For the slide deck, for each wiki, aggregate the number of edits and editors.

In [14]:
overall_agg = (link_task_edits_data.groupby(['wiki', 'task_type'])
               .agg({'num_edits' : 'sum', 'num_reverts' : 'sum', 'user_id' : 'count'})
               .rename(columns = {'user_id' : 'num_editors'}))
overall_agg['revert_rate'] = 100 * overall_agg['num_reverts'] / overall_agg['num_edits']
overall_agg.round(1)

Unnamed: 0_level_0,Unnamed: 1_level_0,num_edits,num_reverts,num_editors,revert_rate
wiki,task_type,Unnamed: 2_level_1,Unnamed: 3_level_1,Unnamed: 4_level_1,Unnamed: 5_level_1
arwiki,link-recommendation,884,71,94,8.0
arwiki,links,51,13,17,25.5
bnwiki,link-recommendation,83,2,18,2.4
bnwiki,links,10,1,6,10.0
cswiki,link-recommendation,206,3,22,1.5
cswiki,links,7,1,5,14.3
viwiki,link-recommendation,75,1,24,1.3
viwiki,links,20,8,8,40.0


# Rejection Rate

Q: Do we count all rejections, or only those that are part of saved edits? Do we count all edit sessions, or only those made by new accounts?

A: We'll count edit sessions from all users, because in this case experienced users are going to be better able to determine if a suggested link is appropriate. We will, however, only count saved edits, because we want to ignore users loading up the editor and testing out Add a Link.

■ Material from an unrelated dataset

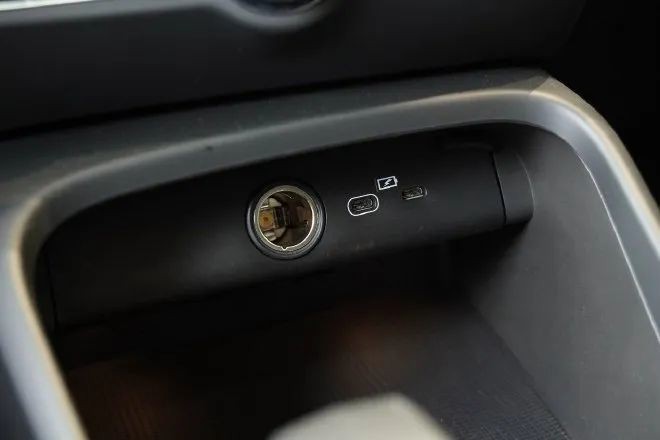 座艙保留了一定數量的功能按鍵,用起來也會很順手。副儀表臺的高度適中,傳統的擋桿設計對于老司機是很友好的。副儀表臺上方還設計了容量不小的儲物 槽、杯架以及12V和手機有線充電接口。

To make things easier, we'll use the structured task schema as our source of data because it has an `editsummary_save` event. Since we're relying on instrumented events, that's going to make it easier.

Also, the number of accepted, rejected, and skipped links is also saved in the edit summary of each edit. That data is, however, localized to each wiki so I'm not going to spend time digging those numbers out.

### Notes

There is the possibility that a user gets to the edit summary screen and then choses to go back and make changes. We'll treat this as two separate end states and count both. We do this because we expect the number of times this happens to be relatively low, and secondly that there isn't anything wrong with going back and changing your mind.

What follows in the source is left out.